*** RECORDS PROVIDED ***

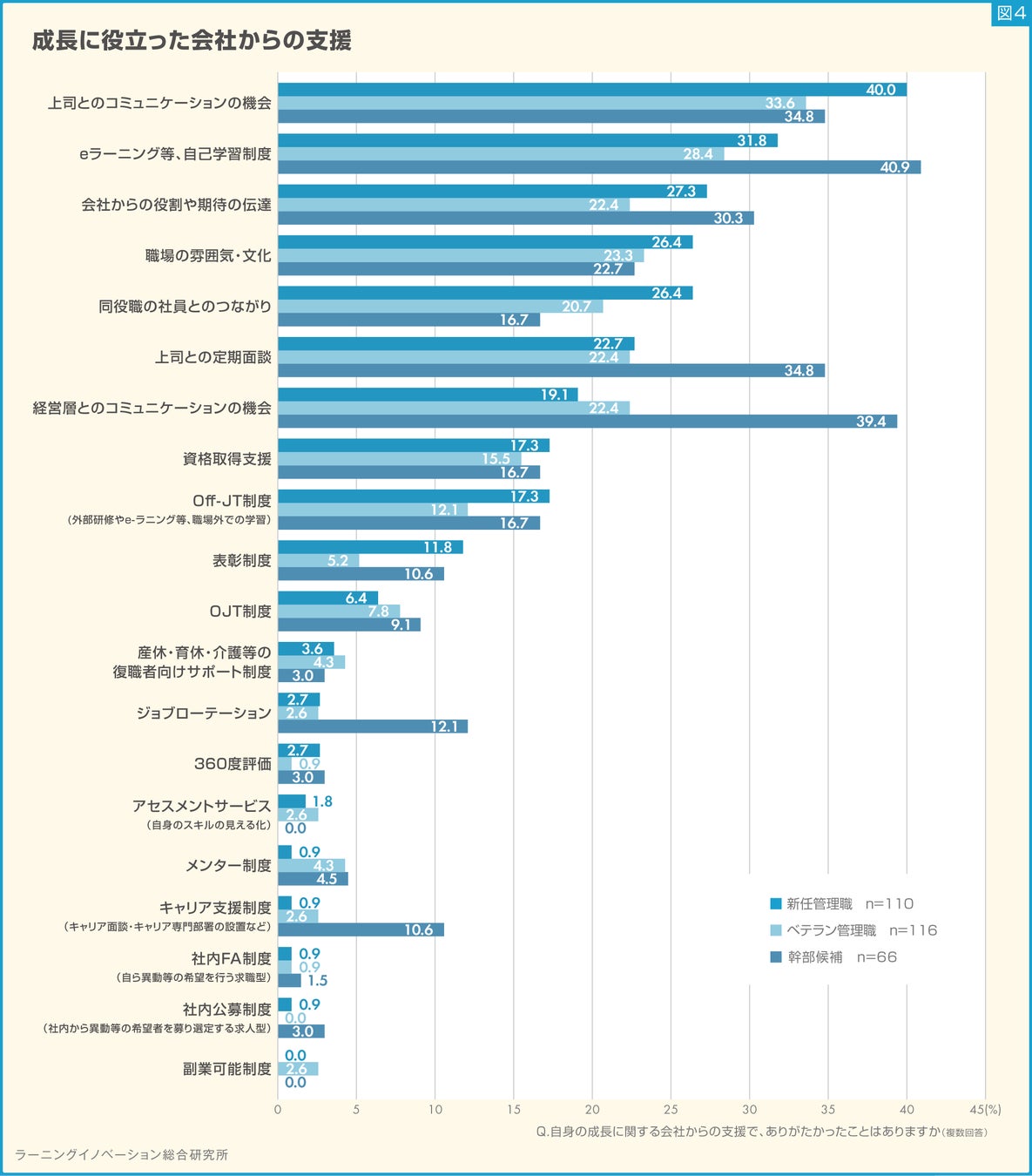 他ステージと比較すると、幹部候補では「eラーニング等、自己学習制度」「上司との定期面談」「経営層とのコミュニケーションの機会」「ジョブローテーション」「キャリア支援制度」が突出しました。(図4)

***
*** RECORDS PROVIDED ***

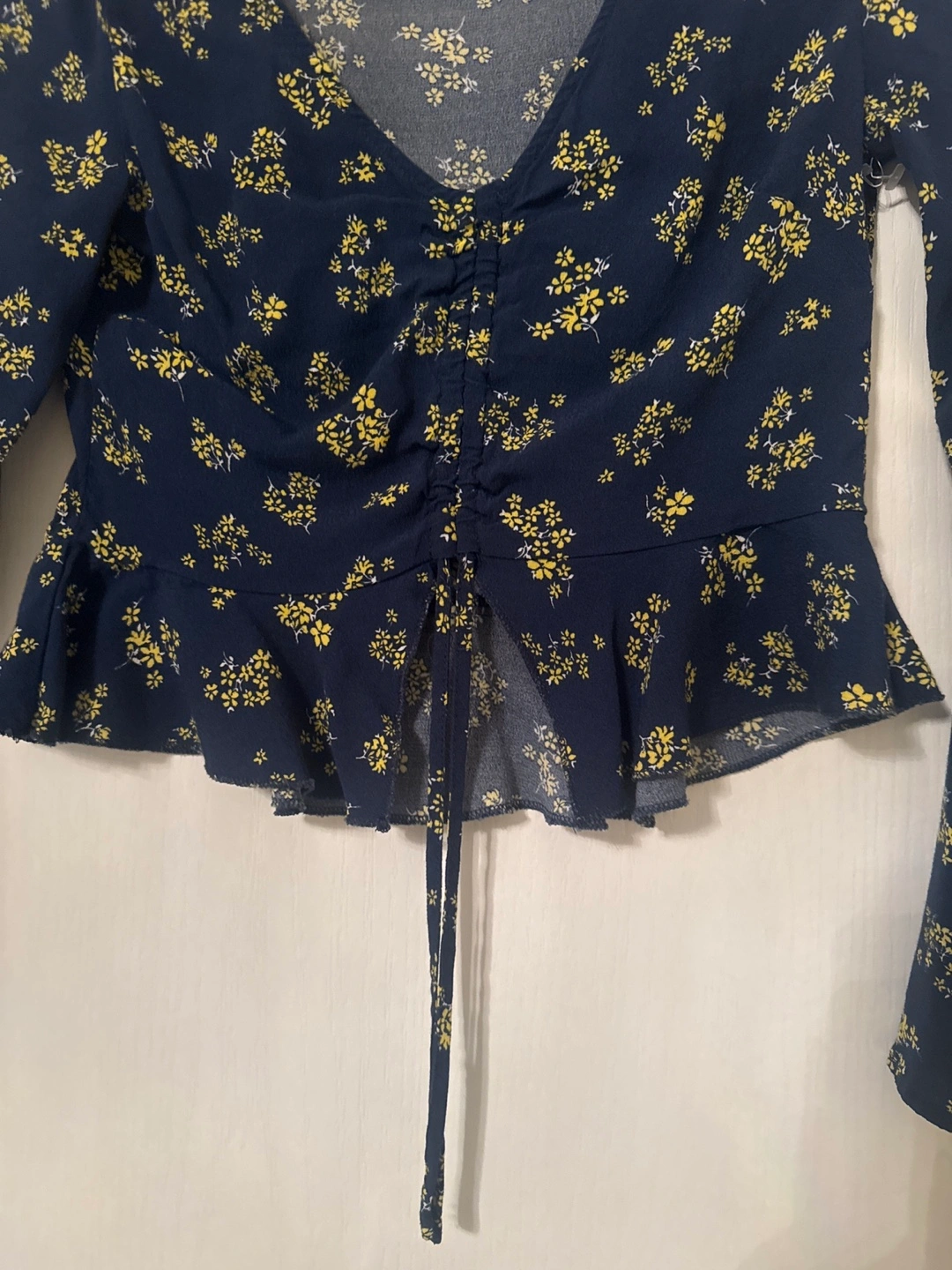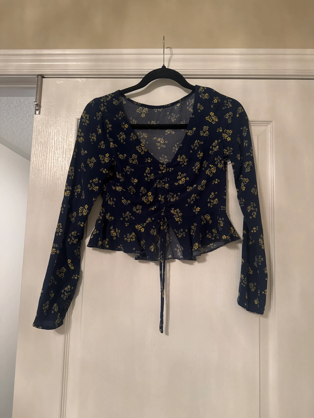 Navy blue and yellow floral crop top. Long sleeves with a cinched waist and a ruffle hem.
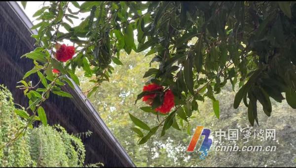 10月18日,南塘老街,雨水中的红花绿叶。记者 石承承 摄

***
*** RECORDS PROVIDED ***

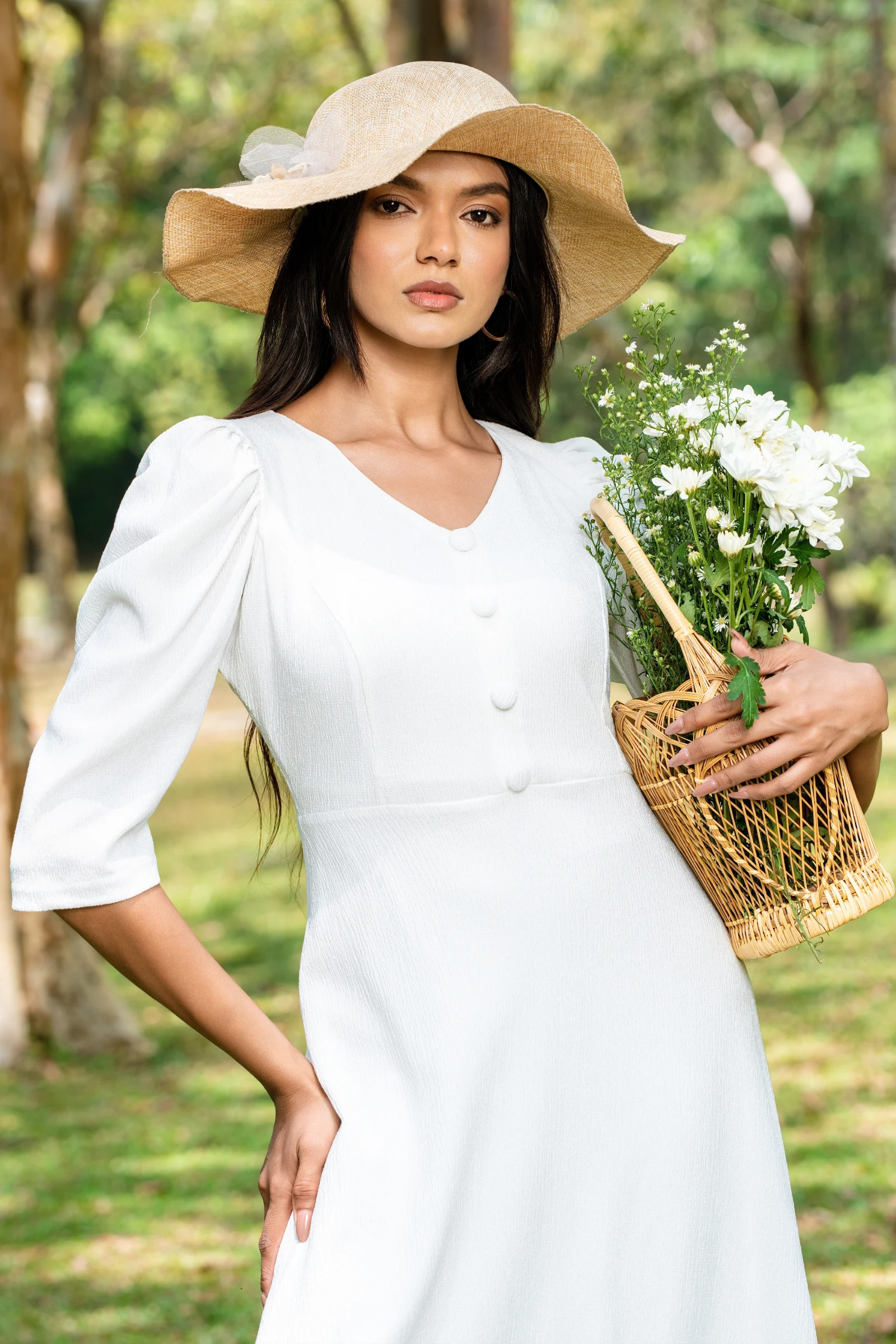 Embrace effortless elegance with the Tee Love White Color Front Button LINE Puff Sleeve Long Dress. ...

***

**REQUIRED WORK:** Only one stretch of the listing is wanted: the lines starting at the one with "Navy blue and" and ending at the one with "10月18日,南塘老街,雨水中的红花绿叶。记者 石承承 摄", copied exactly and free of pictures.

**WRITTEN RESPONSE:**
 Navy blue and yellow floral crop top. Long sleeves with a cinched waist and a ruffle hem.
 10月18日,南塘老街,雨水中的红花绿叶。记者 石承承 摄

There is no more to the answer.